We headed to the Sin Sin Atti (sounds untoward) courthouse to get ahold of the coroner’s report. After juggling record books for a few minutes, an epiphany hit me. Actually, that was one of the books. However, getting hit on the head with a weighty tome made me realize I could open it up and read the words inside. Perhaps the smell of the records room had gotten to me.

These records started to paint an intriguing picture. All the women were murdered on holidays. Also, many of the female parts had been removed or damaged. There was enough skill used that we would narrow our search to hunters, surgeons, butchers, possibly a fencer. At least this keeps our search more contained.
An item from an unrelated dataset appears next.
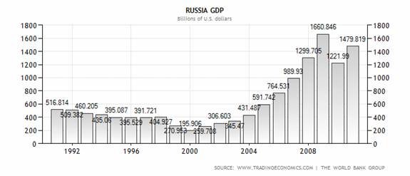 “In retrospect, Mr. Putin was lucky to inherit a recovering economy and an incipient oil- and commodity-price boom from Mr. Yeltsin.” ((The Economist, February 28, 2008.))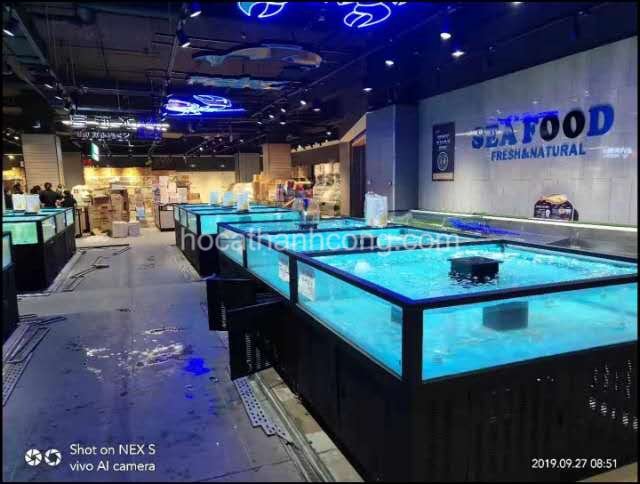Ưu điểm: Tiết kiệm diện tích, trưng bày được nhiều loại hải sản.

Finally, we could head back to school. The great mustache made us forged credentials, a skill he just recently remembered he could perform. He made me a mellitologist, a researcher of bees. I am scared he has learned far too much about me already.

While mustache detective led the records lady away to the law section and photo hunter used all the diplomacy to allow me into the records room. Using my acute eidetic memory, I was able to remember Jackson’s student records, as well as the records of his roommate Alonso Walling and the entire membership of something called the Black Tie Association. Ah yes, this new Professor Boaty McBoatface persona is truly a marvel. Perhaps I will make the change official so people will take me seriously.